“MK Calderon stood on the speakers’ platform…and then the realization suddenly hit us; we are seeing in a live broadcast the new Haskalah, the new forces that have arisen and want to annihilate haredi society in its current form. Haredi society finds itself facing a much more complex threat [than the Haskalah of the 18th and 19th centuries], against the demand from us to integrate into the secular Jewish society.”
Newly Elected MK’s Speech Citing The Talmud Angers Haredim
Shmarya Rosenberg • FailedMessiah.com
A newly elected non-Orthodox non-haredi MK from the Yesh Atid political party headed by Yair Lapid gave her inaugural Knesset speech last week.
Dr. Ruth Calderon holds a BA degree and teaching certificate from Oranim College and Haifa University, and MA and Ph.D. degrees in Talmud from the Hebrew University of Jerusalem. She founded Elul, an umbrella organization for over 100 non-Orthodox non-haredi pluralistic yeshivas, and is a leader in efforts to create dialogue between Orthodox and haredi Israelis on one hand and secular Israelis on the other., and was a fellow at the Shalom Hartman Institute in Jerusalem.
Many MKs applauded her speech – which you can see and hear in Hebrew in the above video – because it was primarily a divrei, a Torah lesson or homily, based on a section of the Babylonian Talmud (Ketubot 62b) and meant to convey a message of understanding and tolerance.
The Torah is “not the property of one movement or another, but a gift received by every one of us,” she said in her speech, and insisted that it should be re-appropriated by non-Orthodox Israelis to construct a pluralistic Jewish culture in Israel.
In her 14-minute speech, Calderon also described her journey from a completely secular Israeli with no knowledge of traditional Jewish texts to a secular Talmud scholar. As she spoke, she held a volume of Talmud given to her by Yesh Atid founder Yair Lapid’s mother many years ago that, Calderon said, “changed my life.”
“I grew up in a very Jewish home, a very Zionist home. Like others in the mainstream of my generation in the 1960s and 1970s, I was brought up on ideas from the bible to the Palmach [the elite Jewish pre-state fighters who formed the core of the Israel Defense Forces after the state was declared in 1948].…But I felt, I knew something was missing. Something undefined in the common new Israeli identity — which was very nice — was missing…I was missing a depth, a vocabulary, stories, heroes, places and drama,” Calderon said according to a partial translation by the Times of israel.
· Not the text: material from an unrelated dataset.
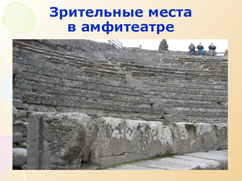 Нижние несколько рядов (ima cavea) предназначались для знатных горожан. Два балкона над боковыми входами — для жриц и организаторов представлений. Сцена была декорирована колоннами, карнизами и статуями, датируемыми временем после 62 года.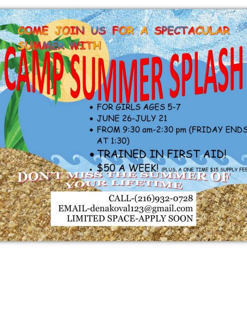 Camp Chabad to begin registration immediately for the 8 week session beginning June 26, 2017. Please read the enclosed camp flyer and enrollment form for details. You may contact Jill Weiszner via text or call my cell phone at 216 402 4877. A limited number of scholarships and reduced pricing are available based on need.

Haredim, however, were clearly not pleased.
The acting speaker, Shas MK Yitzhak Vaknin, interrupted Calderon to interject something into her divrei Torah.
From the floor, another MK objected to Vaknin's interruption.
Calderon took it all in stride, responding that she was willing to “exchange ideas on Torah” with anyone, any time, drawing smiles, laughter and approval from many secular MKs.
Kikar Hashabbat, the large haredi news website, accused Calderon and the Yesh Atid party in an editorial of trying to bring a “new Haskalha” (Enlightenment) to the haredi world.
“MK Calderon stood on the speakers’ platform…and then the realization suddenly hit us; we are seeing in a live broadcast the new Haskalah, the new forces that have arisen and want to annihilate haredi society in its current form. Haredi society finds itself facing a much more complex threat [than the Haskalah of the 18th and 19th centuries], against the demand from us to integrate into the secular Jewish society,” Kikar Hashabbat wrote according to a partial translation by the Jerusalem Post.
Haredim hated the Haskalah because the freedom it brought, along with sudden access to centuries of secular knowledge, sparked giant waves of assimilation as Jews willingly fled from the shtetls and ghettos – and the rabbis.
Unlike the first Haskalah, Calderon and Yesh Atid do not want to wipe out the Torah and turn the Jews into a nation of non-Jews, Kikar HaShabbat wrote. Instead, they want “Talmud for all, and here is hidden the great danger…The Yesh Atid bunch and the Enlightenment rabbis of the 19th century [act] in similar ways. They take cover under the cloak of the rabbinate – Rabbi Shai Piron [second on Yesh Atid’s list], Dov Lipman [another Yesh Atid MK and haredi rabbi] and the ‘rabbanit’ Ruth Calderon are using our weapon – the Talmud, gemara and arbiters of Jewish law – against us and at the same time acting as a fig leaf.”
Kikar HaShabbat closes by pointing out the new haredi dilemma. Should haredim continue to push away secular society, knowing that doing so could send non-haredi Jews into the arms of “the Reform Movement and the rest of the recently created alternatives to authentic Judaism”? Or should haredim allow them in somewhat, just enough to keep them away from Reform and its fellow travelers, and view this as an opportunity “to try and include opinions and approaches opposed to ours [in a controlled and limited way]?”
None of the non-haredi non-Orthodox yeshivas Calderon works with or founded receives any government funding, while haredi yeshivas receive millions of dollars each year in government funding and support.